Однако Юлия Вревская не была той женщиной, которая желала ограничиться спокойным течением до «пристани старости». Разочаровавшись в любви, она постаралась найти для себя дело. С началом русско-турецкой войны она поступила добровольцем в армию и ушла на фронт. Она умерла в Болгарии от тифа. Потрясенный ее смертью, Тургенев посвятил ей стихотворение в прозе, в котором рассказал о том, как она умирала в сарае, на гнилой соломе, среди солдат, за которыми героически ухаживала.

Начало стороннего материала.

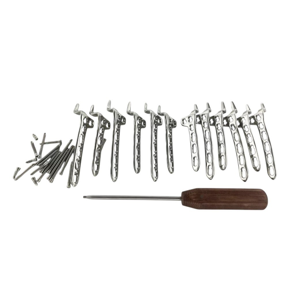 The Clavicle Hook LCP Plate 3.5mm Set by Zabeel Industries is expertly designed for the fixation of lateral clavicle fractures and acromioclavicular joint dislocations. Crafted from premium 316L stainless steel, the plate features a unique hooked design that provides superior subacromial support and stability without compromising soft tissue integrity. Available in both left and right orientations with 3–5 holes, the low-profile plate minimizes discomfort and reduces the need for hardware removal. The 38-piece set includes precision-matched 3.5mm locking and cortical screws organized in a sterilizable tray for efficiency. Combining the benefits of locking compression technology with anatomical contouring, this system ensures reliable fixation and accelerated rehabilitation.

Затем после этой неудачной попытки бегства из волшебного круга Полины Виардо, он вернулся печальный, отчаявшийся в свое привычное рабство рядом с певицей.

Глава XII

Тургенев и Толстой

«Мы, я и Виардо, приобрели здесь прекрасную виллу – в 3/4 часа езды от Парижа, – писал Тургенев Колбасину 15 июля 1875 года, – я отстраиваю себе павильон, который будет готов не раньше 20-го августа – но где я немедленно поселюсь. Постоянная моя квартира в Париже – Rue de Douai, 50[35] – я в Париж езжу три раза в неделю».

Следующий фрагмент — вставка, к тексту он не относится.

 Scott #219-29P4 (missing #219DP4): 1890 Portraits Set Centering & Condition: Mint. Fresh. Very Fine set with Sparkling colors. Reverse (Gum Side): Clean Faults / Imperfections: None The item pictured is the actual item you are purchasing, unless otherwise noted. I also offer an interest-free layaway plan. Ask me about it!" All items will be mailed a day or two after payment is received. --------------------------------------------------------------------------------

Вилла называлась «Френ»[36] и находилась на берегу Сены. От берега начинался парк с посыпанными мелким песком аллеями, кустарниками, плакучими ивами, ясенями с огромными кронами, статуями, фонтаном, журчащими ручейками, куртинами бегоний, фуксий и розами на полянах. У главного дома на возвышенности, выстроенного в стиле Директории, был элегантный фасад. Там жила семья Виардо. Справа на пригорке, до которого поднимались по крутой тропинке, находилось только что отстроенное в швейцарском вкусе с деревянными, искусно сделанными балконами и окруженное густой зеленью и цветами шале Тургенева. На первом этаже – столовая и гостиная. Наверху – просторный рабочий кабинет, заставленный книгами, картинами и безделушками. В углу возвышался мольберт Клоди. Она часто приходила писать этюд в кабинет своего «крестного отца», который с нежностью наблюдал за ее работой. Из углового окна открывался вид на Сену с легкими парусными шлюпками, рыболовными лодками, крытыми кабачками под ивами и тополями. На ближайшие луга, где паслись коровы, на покрытые голубой дымкой дали. На той же площадке находилась спальня Тургенева с большой кроватью с балдахином и двумя креслами, окнами, обрамленными тяжелыми шторами. Балкон выходил в парк. На верхнем этаже размещались комнаты для гостей и прислуги. В первые погожие дни семейство Виардо и Тургенев в нескольких экипажах, груженных дорожными сундуками, картонками и коробками, покидали Париж. В путешествие отправлялась вся семья: Луи, которому тогда было 75 лет, дремал на банкетке, рядом – Полина и ее дочери Клоди Шамеро и Марианна, сын Поль, несколько учениц Полины, слуги и верный Тургенев.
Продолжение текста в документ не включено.